Conventional agent architectures treat capability as a runtime check. The planner emits a plan freely, the executor attempts each step, and steps that exceed the agent's actual capability fail at execution and trigger refusal, retry, or fallback. This pattern has three characteristic weaknesses. First, the failed step has already consumed resources by the time the failure is detected. Second, the plan as a whole may have been structured around the assumption that the failed step would succeed, and the failure cascades. Third, the agent's behavioral record contains the attempt, which inflates apparent risk and complicates audit. Constrained behavior avoids all three by ensuring the action never enters the plan.

Conventional safety frameworks also treat refusal as the safety boundary. An action is generated, classified, and refused. Constrained behavior moves the boundary upstream of generation: the action is not generated, because the alphabet does not contain it. This is structurally stronger than refusal because it does not depend on the classifier being correct; the classifier is not invoked.

Failure Modes Prevented

Constrained behavior is targeted at a specific cluster of failure modes that recur in conventional agent architectures. The first is the optimistic-plan failure, in which the planner assembles a plan that includes a step the agent cannot actually perform, the plan as a whole is committed, and the failure of the unsupported step occurs partway through execution. By that point the agent has typically taken irrevocable actions on prior steps, and the rollback is either impossible or expensive. The mechanism prevents this by ensuring that the unsupported step never enters the plan, so the optimistic commitment never occurs.

The second is the near-miss-pollution failure, in which the agent generates many candidate plans containing out-of-capability actions, the actions are filtered late in the pipeline, and the filter rejects them. The behavioral record of the agent then contains many near-miss attempts, which complicates audit and inflates apparent risk metrics that are computed over the candidate set. The mechanism prevents this by structurally excluding out-of-capability actions from the candidate set, so the audit and the risk metrics see only feasible plans.

The third is the substrate-drift failure, in which a capability that was once demonstrated remains in the alphabet after the underlying substrate has changed in a way that invalidates the demonstration. The agent continues to plan as if the capability were current, and the failure surfaces at execution. The validity-window machinery prevents this by suspending entries whose underlying substrate has changed, removing them from the alphabet until a fresh demonstration is recorded.

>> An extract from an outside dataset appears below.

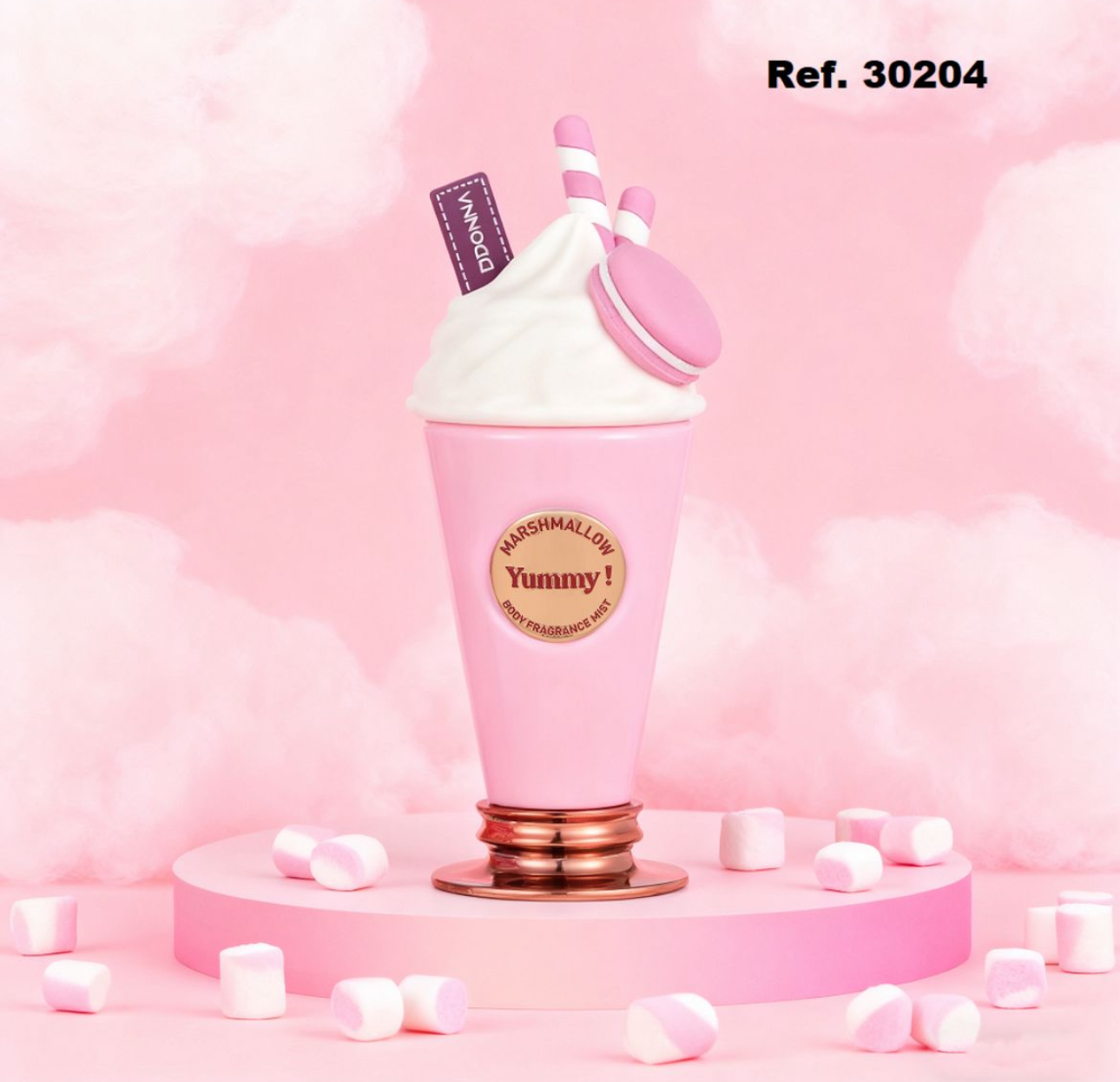 Un perfume corporal tan dulce como un malvavisco. Su fragancia suave y esponjosa encanta a todas mientras su diseño en forma de batido rosa convierte este body mist en un accesorio irresistible. ¡Ideal para regalar !
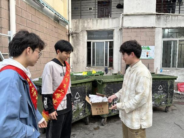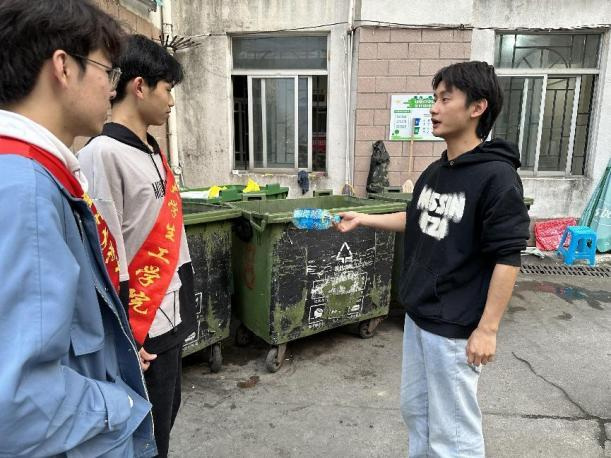 在生活区8号楼开展了卫生督导活动,帮助并监督同学做好垃圾分类。活动现场,志愿者们在垃圾投放点位上进行督导,当有同学带着垃圾来进行投放时,志愿者们便会上前帮助同学们进行分类,并讲解垃圾分类的重要意义,倡导同学们在日常生活中要养成垃圾分类的良好习惯。

The fourth is the composite-extrapolation failure, in which a sequence of individually demonstrated steps is assumed to compose into a working sequence even though the composition has not been demonstrated. The hierarchical embodiment prevents this by requiring composite entries to be demonstrated end-to-end before they are admitted to the alphabet, so the planner does not extrapolate from primitives to composites without evidence.

Disclosure Scope

The mechanism described herein is a component of the cognition patent's capability-awareness surface. The disclosure covers the typed capability vector grounded in demonstration records, the planner's use of the vector as its action alphabet, the structural impossibility of emitting out-of-capability plans, the validity-window machinery that suspends entries when the substrate changes, the structured infeasibility record returned when a goal cannot be planned, and the hierarchical, dynamic, context-partitioned, and statically enumerated embodiments. The disclosure is intended to cover any system in which an agent's planner is structurally restricted to a demonstrated action alphabet such that out-of-capability actions cannot be planned, regardless of the planner's underlying scoring or generation method.